Мадам Мотэ де Флервиль. О, мсье Рембо, меня зовут мадам Мотэ де Флервиль, я теща мсье Верлена. А это моя дочь, мадам Верлен.

(Рембо холодно кивает женщинам.)

Разве вы пришли не вместе с мсье Верленом?

Рембо. Нет.

Мадам Мотэ де Флервиль. Но он поехал вас встречать. Наверное, вы с ним разминулись на вокзале.

Рембо. Наверное; только он понятия не имеет, как я выгляжу.

Мадам Мотэ де Флервиль. А… как вы добирались к нам от вокзала?

Рембо. На своих двоих.

Молчание.

Мадам Мотэ де Флервиль. Может быть… вам нужно с дороги умыться?

Рембо (обдумывает это предложение). Нет, спасибо.

Мадам Мотэ де Флервиль. Багаж вы отдали кому-то из слуг?

Рембо. Никаких слуг не видел.

Мадам Мотэ де Флервиль. Значит, он остался в прихожей?

Рембо. Кто?

Мадам Мотэ де Флервиль. Ваш багаж.

Рембо. У меня нет багажа.

Мадам Мотэ де Флервиль. Нет… багажа?

Рембо. Нет.

Мадам Мотэ де Флервиль. О…

Молчание.

Матильда. Не желаете ли присесть, мсье Рембо?

Рембо не отказывается; развалясь в кресле, вытаскивает из кармана омерзительную на вид, замусоленную глиняную трубку и коробок спичек. Громко чмокая, раскуривает трубку.

Рембо. Я покурю, можно?

Мадам Мотэ де Флервиль(с неудовольствием). Конечно, пожалуйста.

(Молчание.)

Ваши стихи произвели на нас с мсье Верленом глубокое впечатление.

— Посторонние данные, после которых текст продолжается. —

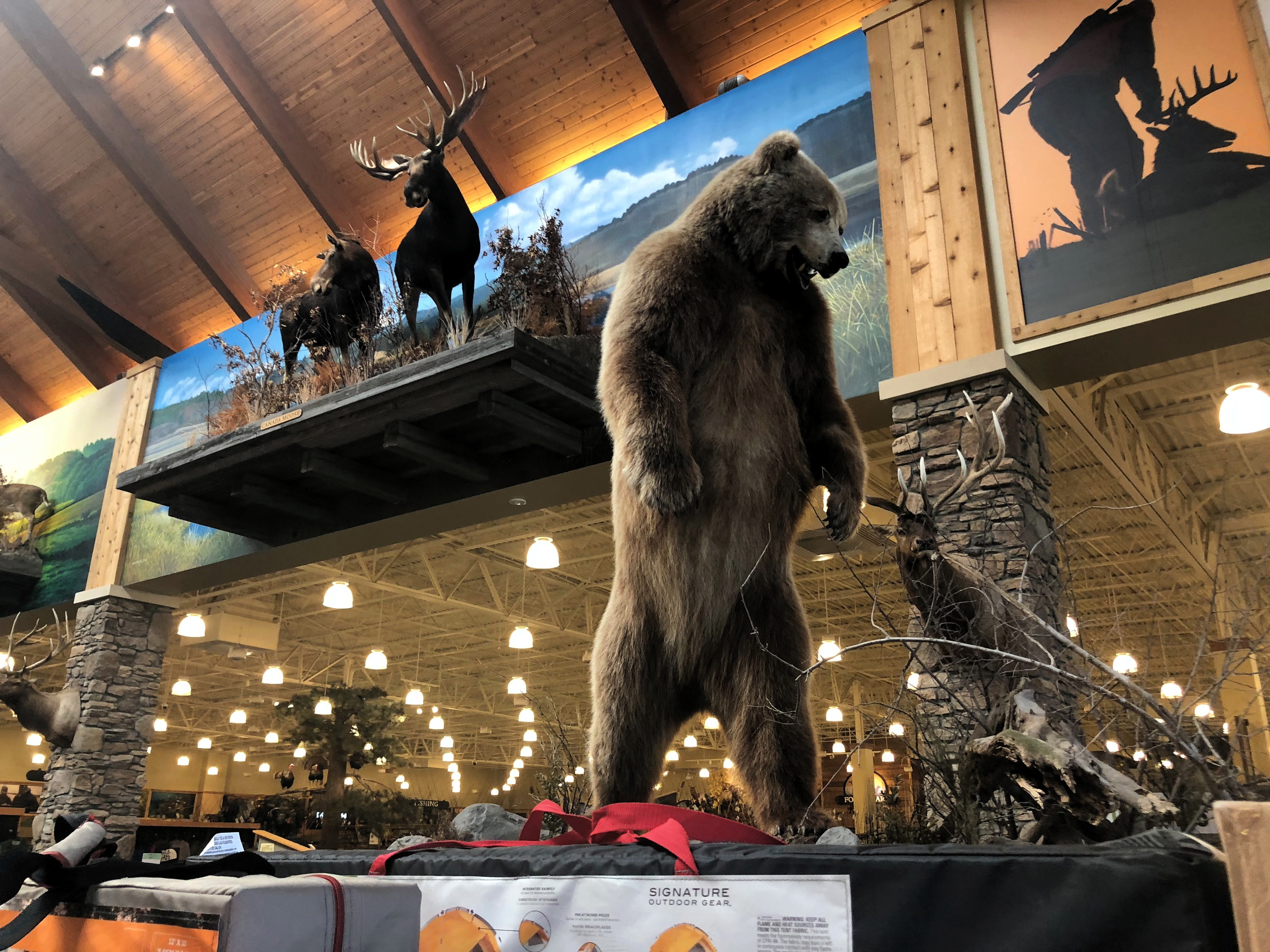 My folks brought me up to Sturgeon Bay after having a fun breakfast with my two aunts down in Sturtevant. On the way, we stopped at a outdoor and sporting goods store called Cabela’s in Green Bay. I only wanted to get some decent rain gear because, based on the weather forecast, it looks very much like I will be riding in rain during at least part of the tour. The store was fantastic. It was like stepping into a museum of natural history. There were taxidermy animals in dramatic tableaus all around the store. And the store was ginormous. I could have spent hours there looking at all the great camping gear. It is a good thing that I kept myself focused on my mission to get decent rain gear, otherwise, it would have been financially devastating.

Рембо. Он давал вам их читать?

Мадам Мотэ де Флервиль. О да, я горячая поклонница поэтической музы. Наша семья, знаете ли, очень дружна с Виктором Гюго. Совершенно очаровательный господин.

Рембо. Из него песок сыплется.

Мадам Мотэ де Флервиль. Не могу с вами согласиться. Он в добром здравии. Конечно, в глазах молодежи это человек весьма преклонного возраста. Но молодым свойственны бунтарские настроения.

Матильда. Вы еще моложе, чем мы думали.

Рембо. Да ну?

Матильда. Сколько же вам лет?

Мадам Мотэ де Флервиль. Дорогая, спрашивать людей об их возрасте невежливо.

Матильда. Больше не буду. Мне просто интересно.

Рембо, пропуская мимо ушей их реплики, встал, подошел к окну и теперь смотрит в сад.

Рембо. Ничего такой вид.

Мадам Мотэ де Флервиль. Да, изумительный, не правда ли?

Рембо. Ничего.

Берет в руки фарфоровую статуэтку какого-то животного, брезгливо рассматривает, ставит на место и возвращается к окну. Вбегает Поль Верлен, бородач двадцати семи лет, уже с небольшими залысинами. Одет элегантно, напоминает муниципального чиновника, не стесненного в средствах, – это соответствует действительности. Он не сразу замечает Рембо.

Верлен. Исходил вокзал вдоль и поперек – нигде его нет.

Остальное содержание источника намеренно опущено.